Spyridium buxifolium is a species of flowering plant in the family Rhamnaceae and is endemic to New South Wales. It is a spreading shrub with egg-shaped to elliptic leaves, and heads of white, softly-hairy flowers with brown bracts at the base of the heads.

==Description==
Spyridium buxifolium is a spreading shrub that typically grows to a height of 15–60 cm. The leaves are egg-shaped to elliptic, 8–25 mm long and 3–10 mm wide with linear brown stipules 2–3 mm long at the base.
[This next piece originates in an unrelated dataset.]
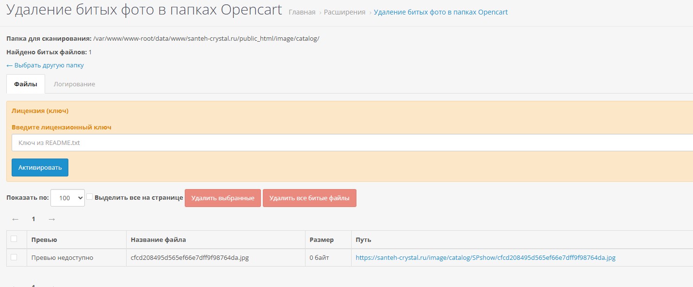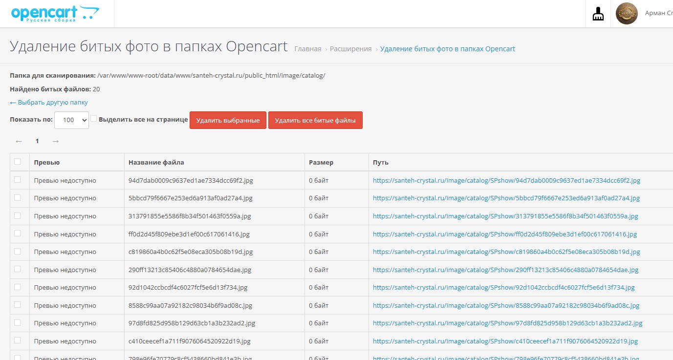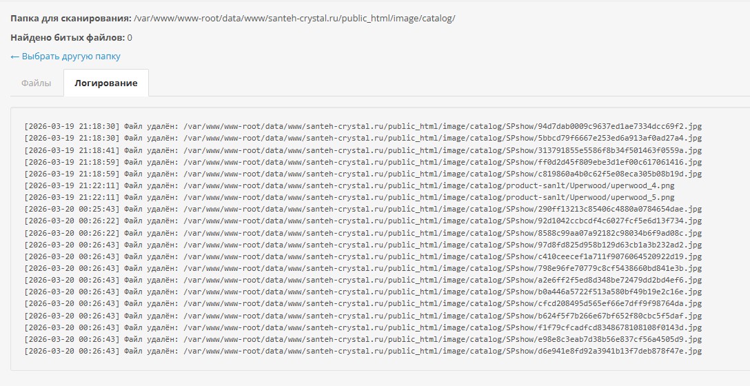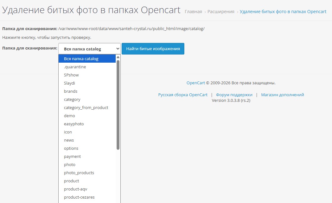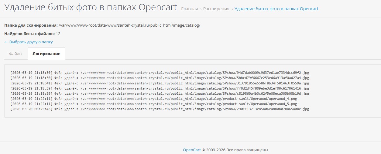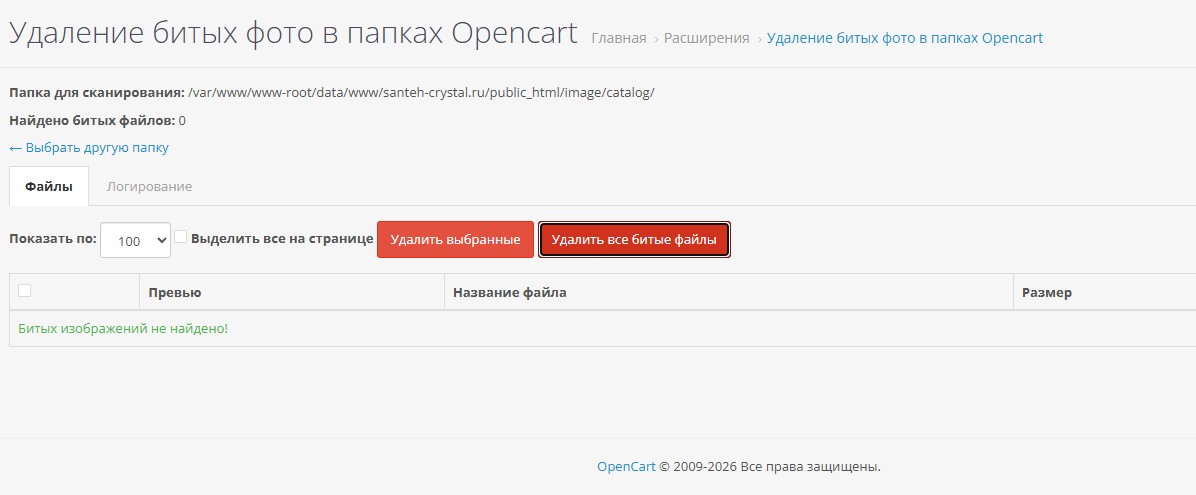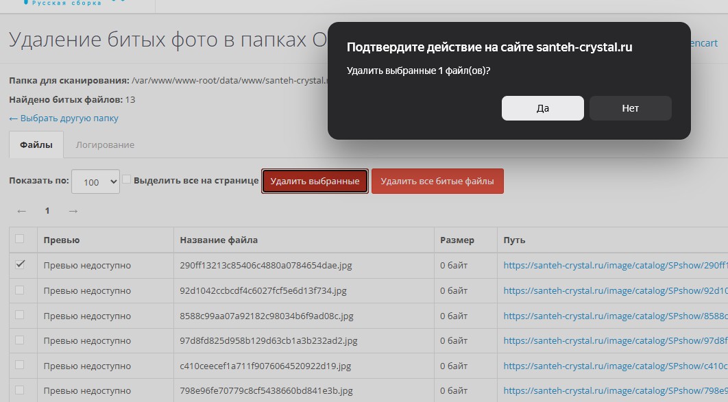 Удаление битых (поврежденных) фото в папке image/catalog

The upper surface of the leaves is dark green and the lower surfaces in usually covered with greyish, woolly hairs. The heads of flowers are arranged on the ends of branches and are 5–20 mm wide with brown bracts at the base of the heads. The flowers are 4–5 mm long and covered with soft, white hairs. Flowering mostly occurs in winter and spring.

==Taxonomy==
This species was first formally described in 1837 by Eduard Fenzl who gave it the name Cryptandra buxifolia in Stephan Endlicher's Enumeratio plantarum quas in Novae Hollandiae ora austro-occidentali ad fluvium Cygnorum et in sinu Regis Georgii collegit Carolus Liber Baro de Hügel, of specimens collected by Allan Cunningham. In 2004, Kevin Thiele changed the name to Spyridium buxifolium in the journal Telopea. The specific epithet (buxifolium) means "box-tree leaved".

==Distribution==
Spyridium buxifolium occurs mainly in the upper Hunter Valley and nearby Howes Valley.